● Given records
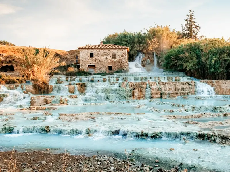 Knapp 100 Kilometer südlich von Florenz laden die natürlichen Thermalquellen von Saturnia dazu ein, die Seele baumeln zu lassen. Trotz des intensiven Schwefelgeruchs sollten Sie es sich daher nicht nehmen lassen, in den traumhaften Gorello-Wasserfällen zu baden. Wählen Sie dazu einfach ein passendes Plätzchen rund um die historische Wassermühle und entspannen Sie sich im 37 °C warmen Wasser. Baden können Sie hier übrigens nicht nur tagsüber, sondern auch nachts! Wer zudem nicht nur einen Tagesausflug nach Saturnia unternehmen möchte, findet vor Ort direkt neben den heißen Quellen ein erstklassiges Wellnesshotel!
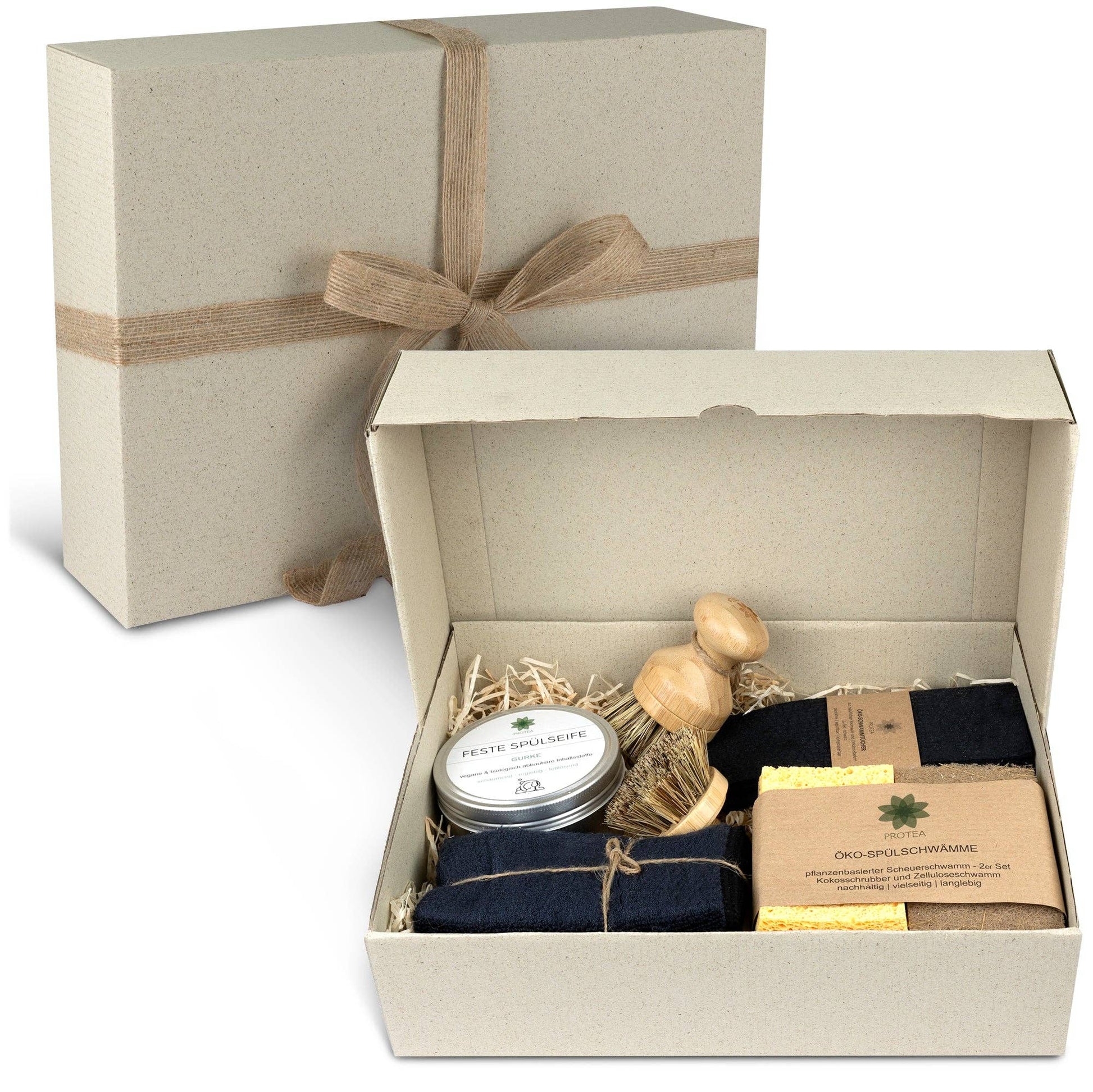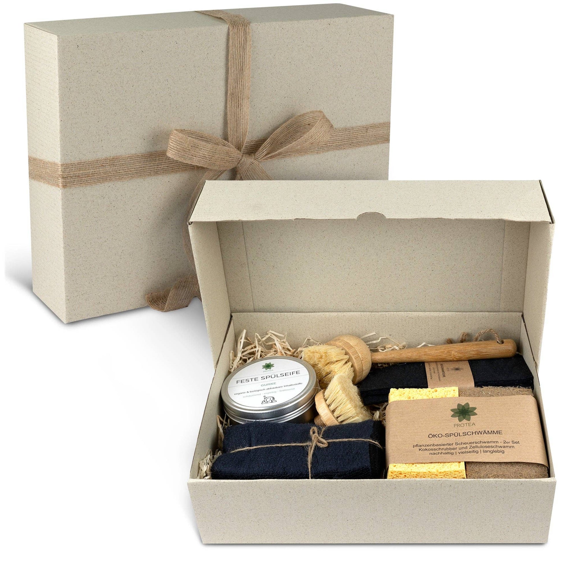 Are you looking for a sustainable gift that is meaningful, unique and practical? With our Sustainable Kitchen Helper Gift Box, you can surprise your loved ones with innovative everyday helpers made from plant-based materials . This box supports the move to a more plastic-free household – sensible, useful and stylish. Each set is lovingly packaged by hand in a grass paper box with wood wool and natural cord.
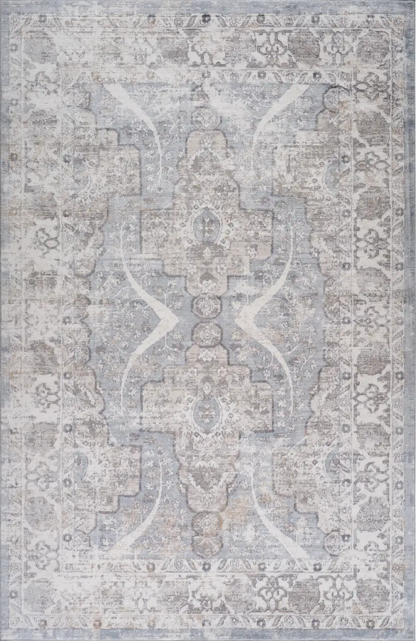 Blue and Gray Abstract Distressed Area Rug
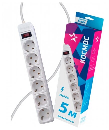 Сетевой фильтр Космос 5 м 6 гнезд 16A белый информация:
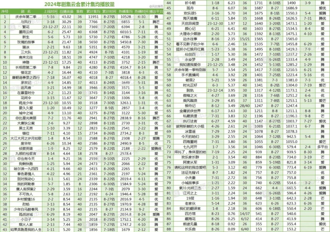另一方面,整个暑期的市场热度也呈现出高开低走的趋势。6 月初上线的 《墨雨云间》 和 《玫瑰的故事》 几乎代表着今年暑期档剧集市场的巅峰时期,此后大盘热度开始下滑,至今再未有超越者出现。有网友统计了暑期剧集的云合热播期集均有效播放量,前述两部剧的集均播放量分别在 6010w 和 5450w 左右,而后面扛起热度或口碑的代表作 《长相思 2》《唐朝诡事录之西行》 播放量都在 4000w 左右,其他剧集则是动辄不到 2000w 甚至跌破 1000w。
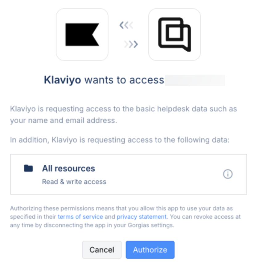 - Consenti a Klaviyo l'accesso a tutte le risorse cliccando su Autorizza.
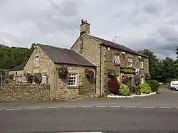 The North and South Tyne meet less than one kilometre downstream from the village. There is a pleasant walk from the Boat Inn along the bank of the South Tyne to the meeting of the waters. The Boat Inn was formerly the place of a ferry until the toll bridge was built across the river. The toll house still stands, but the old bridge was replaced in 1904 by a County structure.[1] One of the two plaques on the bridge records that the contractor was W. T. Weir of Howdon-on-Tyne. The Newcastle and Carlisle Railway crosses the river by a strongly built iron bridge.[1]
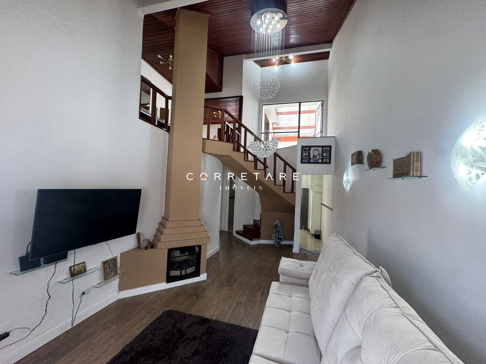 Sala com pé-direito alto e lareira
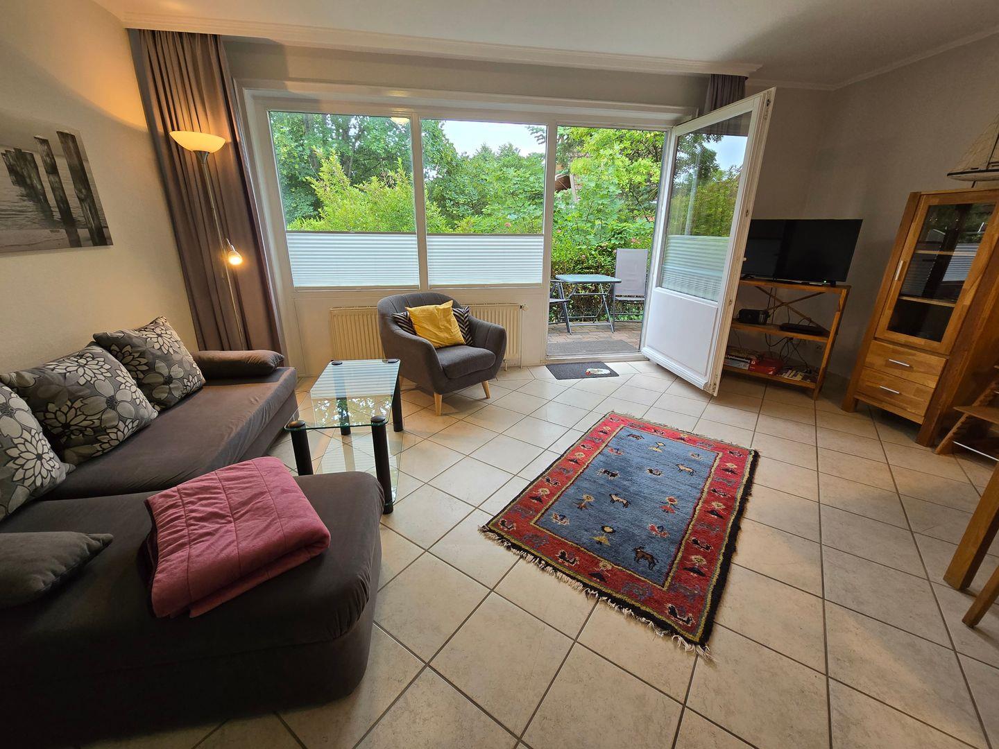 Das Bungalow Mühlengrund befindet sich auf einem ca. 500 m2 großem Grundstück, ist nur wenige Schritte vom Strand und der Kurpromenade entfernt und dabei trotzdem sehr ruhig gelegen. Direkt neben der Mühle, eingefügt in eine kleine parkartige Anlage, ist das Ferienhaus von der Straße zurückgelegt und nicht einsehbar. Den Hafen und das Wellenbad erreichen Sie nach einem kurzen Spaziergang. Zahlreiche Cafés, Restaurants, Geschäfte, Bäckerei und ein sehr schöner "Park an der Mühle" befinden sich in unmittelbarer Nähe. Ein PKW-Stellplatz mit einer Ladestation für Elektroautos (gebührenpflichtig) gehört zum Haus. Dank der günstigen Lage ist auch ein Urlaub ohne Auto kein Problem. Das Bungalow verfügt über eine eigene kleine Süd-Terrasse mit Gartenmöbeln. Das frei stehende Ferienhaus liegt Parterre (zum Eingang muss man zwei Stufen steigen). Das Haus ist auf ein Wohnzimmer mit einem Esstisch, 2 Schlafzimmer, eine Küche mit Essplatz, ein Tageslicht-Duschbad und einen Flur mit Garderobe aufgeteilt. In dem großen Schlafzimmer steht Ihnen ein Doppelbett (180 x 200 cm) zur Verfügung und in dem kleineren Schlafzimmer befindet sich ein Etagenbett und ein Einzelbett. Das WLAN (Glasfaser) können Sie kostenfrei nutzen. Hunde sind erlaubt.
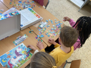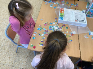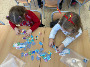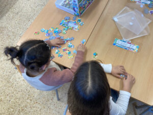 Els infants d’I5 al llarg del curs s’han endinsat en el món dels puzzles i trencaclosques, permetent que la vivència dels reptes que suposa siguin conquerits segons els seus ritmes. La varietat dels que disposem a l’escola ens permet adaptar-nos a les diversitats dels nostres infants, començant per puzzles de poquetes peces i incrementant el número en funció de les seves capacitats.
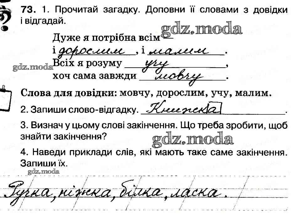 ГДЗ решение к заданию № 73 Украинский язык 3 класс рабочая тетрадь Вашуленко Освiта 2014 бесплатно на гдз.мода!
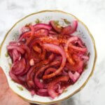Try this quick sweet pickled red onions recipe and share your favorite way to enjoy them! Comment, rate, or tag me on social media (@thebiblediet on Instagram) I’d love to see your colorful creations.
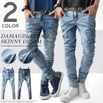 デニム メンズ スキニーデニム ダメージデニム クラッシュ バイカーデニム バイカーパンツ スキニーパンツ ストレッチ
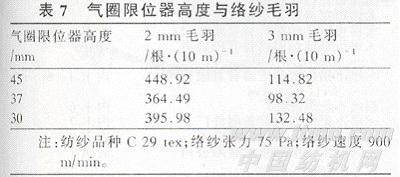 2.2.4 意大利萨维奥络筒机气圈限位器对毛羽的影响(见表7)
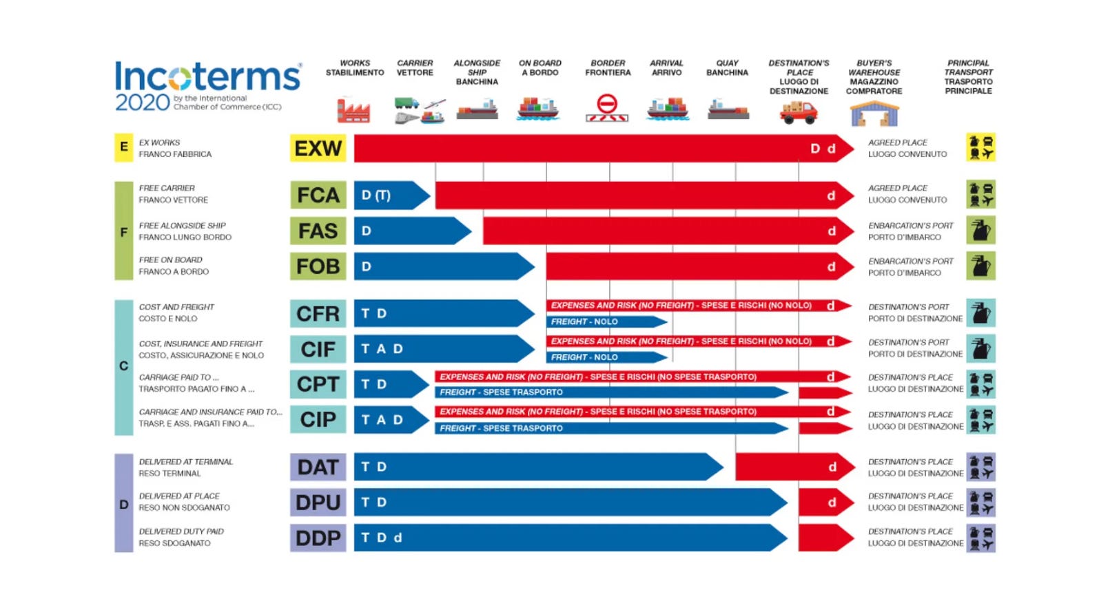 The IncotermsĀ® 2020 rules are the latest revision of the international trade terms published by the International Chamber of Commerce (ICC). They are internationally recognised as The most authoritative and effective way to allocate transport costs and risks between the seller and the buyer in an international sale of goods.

● Exercise prompt
Excerpt from the records above: set down only the lines from the one that contains "Are you looking" through the one that contains "Blue and Gray Abstract Distressed Area Rug", inclusive, word for word. Pictures stay out.

● The completed task
 Are you looking for a sustainable gift that is meaningful, unique and practical? With our Sustainable Kitchen Helper Gift Box, you can surprise your loved ones with innovative everyday helpers made from plant-based materials . This box supports the move to a more plastic-free household – sensible, useful and stylish. Each set is lovingly packaged by hand in a grass paper box with wood wool and natural cord.
 Blue and Gray Abstract Distressed Area Rug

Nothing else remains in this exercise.